To further explore the HGT, we examined the plasmid integration in all 11 Planctomycetaceae genomes (Fig. 7). Only two plasmids were reported in Planctomycetaceae, from P. limnophilus and I. pallid, and they are available in NCBI. In addition, we selected the closely related Phycisphaera mikurensis and the low-grade fungus Saccharomyces cerevisiae as controls. Strikingly, the I. pallid plasmid genes exhibited high identity with those in the genomes of P. mikurensis, S. paludicola, G. obscuriglobus, S. acidiphila, and Z. formosa, whereas P. limnophilus plasmid genes exhibited high identity with those in the genomes of S. paludicola, G. obscuriglobus, S. acidiphila, and Z. formosa.
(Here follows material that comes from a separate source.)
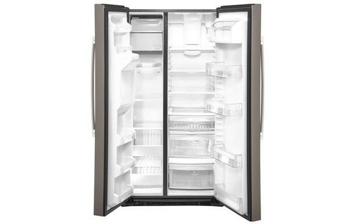 This 36-inch wide GE, side-by-side refrigerator is equipped with an external water and ice dispensing system. This model also features showcase LED lighting, fresh food multi-level drawers and water filter.

However, the plasmid genes of I. pallid and P. limnophilus were not detected in the S. cerevisiae genome. Larger genome sizes seemed to be correlated with higher coverage and with homology of plasmid genes. The results indicate that the plasmid integration in the 11 genomes may also lead to larger genome sizes; moreover, it reflects that the potential shuttle ability of Planctomycetaceae plasmids among their close relatives.
Conclusions
Worldwide interest in the unique cellular biological features and structure in Planctomycetaceae has increased considerably, especially in evolutionary research. Exploring the potential genetic information in this special groups based on comparative genomic ways is essential for conducting the later researches. In this context, we mainly researched the genomic features and metabolic pathways with 11 type strains from different genus of family Planctomycetaceae. The genome-scale information we obtained combined with the already developed physiologic, genetic, and metabolic approaches will increase our knowledge about family Planctomycetaceae and may help us establish strategies for developing them for human applications. In this way, we could learn much about their relationships and potential biological systems of these species. Acquiring of these results were made possible by the use as reference to subsequent study. Further, we might have broader horizon to discover new features in these species responding to their attractive ICM structure, which is significant in evolution from prokaryotes to eukaryotes.
Materials and Methods
Source of Genomes
The genomes of eight species from family Planctomycetaceae were downloaded from GenBank (Table 1), namely, P. limnophilus, I. pallida, P. brasiliensis, P. staleyi, B. marina, R. baltica, P. maris, G. obscuriglobus. The genomes of Schlesneria paludicola, Singulisphaera acidiphila, and Zavarzinella formosa were sequenced in our previously study [14].
Ortholog Retrieval
Orthologs were determined using OrthoMCL [46]. This program first performs an all-against-all BLASTp in BLAST 2.2.25. OrthoMCL then converts the reciprocal BLAST p-values to a normalized similarity matrix that is analyzed using the Markov Cluster algorithm (MCL). The MCL analysis yielded numerous clusters, with each cluster containing a set of orthologs and/or recent paralogs. The BLAST e-value cutoff was ≤10−5; the other parameters were set to their default values.
Core/Pan Genome Analysis
The pan genome of Planctomycetaceae was constructed by selecting one genome as the origin and then gradually adding the other genomes individually. The final pan-genome was obtained by discarding redundant clusters. A set of identity matrices generated through BLAST analyses of all genomes and then selecting the nonredundant clusters conserved in all matrices as the core genome. The parameters used in core genome/pan genome analyses were as follows: e-value ≤10−5, identity ≥50%, and coverage ≥50%.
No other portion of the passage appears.